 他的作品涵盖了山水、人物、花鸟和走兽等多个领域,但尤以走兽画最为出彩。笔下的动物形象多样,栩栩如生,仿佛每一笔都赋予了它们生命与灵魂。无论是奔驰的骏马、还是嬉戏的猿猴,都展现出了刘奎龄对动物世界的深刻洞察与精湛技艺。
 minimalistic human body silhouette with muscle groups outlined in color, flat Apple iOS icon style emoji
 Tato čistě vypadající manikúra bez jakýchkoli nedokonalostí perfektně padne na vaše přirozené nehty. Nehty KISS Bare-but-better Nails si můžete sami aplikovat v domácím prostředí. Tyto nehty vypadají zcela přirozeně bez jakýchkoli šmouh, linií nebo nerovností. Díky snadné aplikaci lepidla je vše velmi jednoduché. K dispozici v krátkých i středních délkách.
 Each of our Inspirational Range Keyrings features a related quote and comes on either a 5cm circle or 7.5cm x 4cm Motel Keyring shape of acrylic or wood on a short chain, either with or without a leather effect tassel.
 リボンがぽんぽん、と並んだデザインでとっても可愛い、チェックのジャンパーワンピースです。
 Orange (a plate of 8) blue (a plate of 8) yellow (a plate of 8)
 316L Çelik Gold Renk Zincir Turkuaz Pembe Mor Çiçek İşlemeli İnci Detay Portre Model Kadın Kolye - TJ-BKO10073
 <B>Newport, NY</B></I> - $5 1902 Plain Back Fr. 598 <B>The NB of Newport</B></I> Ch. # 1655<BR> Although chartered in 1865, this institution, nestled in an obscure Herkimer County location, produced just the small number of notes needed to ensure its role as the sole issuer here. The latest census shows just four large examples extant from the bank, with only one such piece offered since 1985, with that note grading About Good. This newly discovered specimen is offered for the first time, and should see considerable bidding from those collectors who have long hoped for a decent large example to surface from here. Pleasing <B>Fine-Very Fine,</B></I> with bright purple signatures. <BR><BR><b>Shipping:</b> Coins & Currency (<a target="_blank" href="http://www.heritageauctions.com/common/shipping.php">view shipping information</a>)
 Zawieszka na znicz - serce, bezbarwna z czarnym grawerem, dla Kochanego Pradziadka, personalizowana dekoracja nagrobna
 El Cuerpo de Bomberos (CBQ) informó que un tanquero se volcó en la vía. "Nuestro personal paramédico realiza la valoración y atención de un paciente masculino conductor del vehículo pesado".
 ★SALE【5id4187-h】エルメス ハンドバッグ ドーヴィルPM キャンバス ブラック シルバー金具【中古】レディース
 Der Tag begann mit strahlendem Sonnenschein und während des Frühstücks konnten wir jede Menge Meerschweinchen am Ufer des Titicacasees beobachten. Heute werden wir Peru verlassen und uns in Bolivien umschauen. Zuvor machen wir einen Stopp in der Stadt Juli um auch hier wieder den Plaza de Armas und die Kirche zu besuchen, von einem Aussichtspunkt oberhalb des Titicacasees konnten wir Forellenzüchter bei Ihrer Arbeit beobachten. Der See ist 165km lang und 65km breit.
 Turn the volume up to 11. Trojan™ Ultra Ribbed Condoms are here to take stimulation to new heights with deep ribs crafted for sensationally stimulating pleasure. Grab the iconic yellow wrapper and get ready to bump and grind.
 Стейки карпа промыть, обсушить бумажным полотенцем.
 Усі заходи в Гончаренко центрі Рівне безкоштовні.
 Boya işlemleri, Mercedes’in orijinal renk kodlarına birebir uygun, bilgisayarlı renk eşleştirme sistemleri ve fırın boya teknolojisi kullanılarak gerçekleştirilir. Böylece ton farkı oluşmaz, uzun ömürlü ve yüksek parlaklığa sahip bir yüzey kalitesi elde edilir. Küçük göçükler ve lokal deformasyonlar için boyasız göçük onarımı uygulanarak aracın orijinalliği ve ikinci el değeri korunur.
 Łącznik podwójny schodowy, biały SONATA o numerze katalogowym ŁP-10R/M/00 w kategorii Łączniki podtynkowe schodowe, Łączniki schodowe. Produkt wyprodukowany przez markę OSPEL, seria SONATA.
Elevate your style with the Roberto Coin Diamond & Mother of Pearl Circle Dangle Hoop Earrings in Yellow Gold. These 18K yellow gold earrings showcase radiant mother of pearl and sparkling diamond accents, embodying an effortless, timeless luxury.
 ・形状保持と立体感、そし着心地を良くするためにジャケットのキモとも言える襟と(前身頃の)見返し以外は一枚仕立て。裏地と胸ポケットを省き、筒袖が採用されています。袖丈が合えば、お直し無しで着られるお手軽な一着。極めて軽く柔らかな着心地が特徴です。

########

» Problem to work on:
Find the line with "Orange (a plate" in the entries above. Retype it and each line after it, exactly, through the line with "316L Çelik Gold", and stop there.

» Problem solution:
 Orange (a plate of 8) blue (a plate of 8) yellow (a plate of 8)
 316L Çelik Gold Renk Zincir Turkuaz Pembe Mor Çiçek İşlemeli İnci Detay Portre Model Kadın Kolye - TJ-BKO10073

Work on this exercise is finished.